Discovery of Accused Contributory and Vicarious Infringer’s Tax Returns and General Financial Information Denied for Lack of Assertion of Theory to Recover its Profits

Introduction

With a recent order that issued from the Southern District of Georgia, Savannah Division, Coach, Inc. and Coach Services, Inc. (collectively “Coach”) continue to add to the body of case law from Georgia federal courts on trademark and copyright issues.[1]   

On December 19, 2012, in an order by U.S. Magistrate Judge G.R. Smith, the Southern District of Georgia denied Coach’s motion to compel discovery of tax returns and general financial information from defendant Hubert Keller, Inc. (“HKI”), whom Coach had accused of contributory trademark infringement and vicarious copyright infringement.  In so doing, Judge Smith explored damages principles and raised a practical, and unanswered, question on how a trademark or copyright claimant could recover profits against an accused contributory or vicarious infringer.

Background Facts

The court’s order describes HKI as a Savannah-based flea market operator.[2]  Asserting claims for contributory trademark infringement and vicarious copyright infringement, Coach alleged that, upon information and belief, HKI “‘willfully and knowingly encouraged and permitted the sale of Infringing Product [(handbags, watches, jewelry, etc.)] to occur at The Flea Market.’”[3]
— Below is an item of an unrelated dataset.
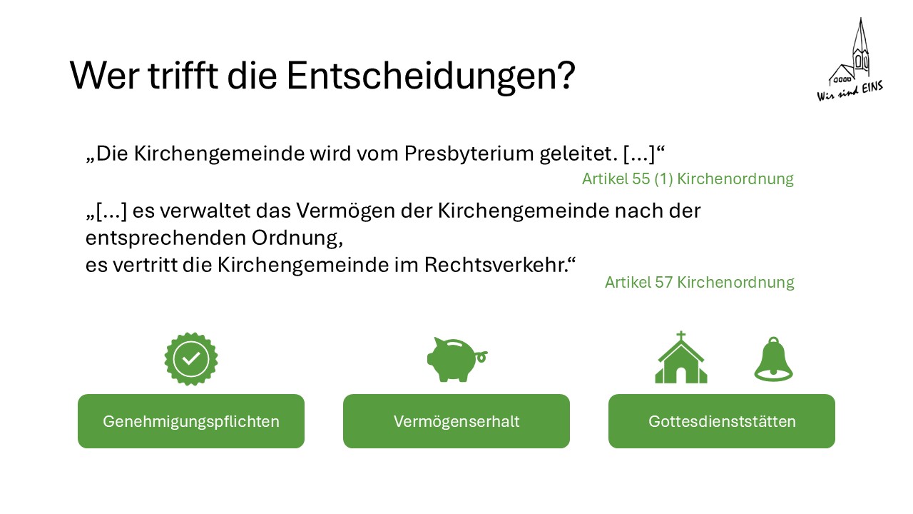 Allerdings werden die gewählten Presbyterinnen und Presbyter schließlich die Entscheidung treffen, wie mit den Gebäuden umgegangen wird.

Coach served document requests on HKI, seeking HKI’s tax returns for 2009 through 2011, as well as HKI’s financial statements.[4]  HKI’s counsel objected to those requests on the grounds that they were “‘overly broad, not relevant, and not reasonably calculated to lead to the discovery of admissible evidence in this matter.’”[5]

Later, Coach served a notice of a Rule 30(b)(6) deposition[6] of HKI.  Topics recited in that notice included “‘(K) Financial information relating to the flea market; and (L) Financial information relating to the sales of merchandise by tenants known to have sold counterfeit merchandise.’”[7]  Prior to the deposition, the parties’ attorneys conferred with one another in attempt to resolve a dispute concerning discovery of HKI’s tax returns and general financial information.  The court summarized the position of HKI’s counsel during those discussions as follows:

HKI, after all, engaged in no sale of any goods, but merely rented stall space.  So even as a contributory infringer, its financials would show no useful information because at best Coach “was entitled to an award of an infringer’s profits related to the sale of infringing items.”[8]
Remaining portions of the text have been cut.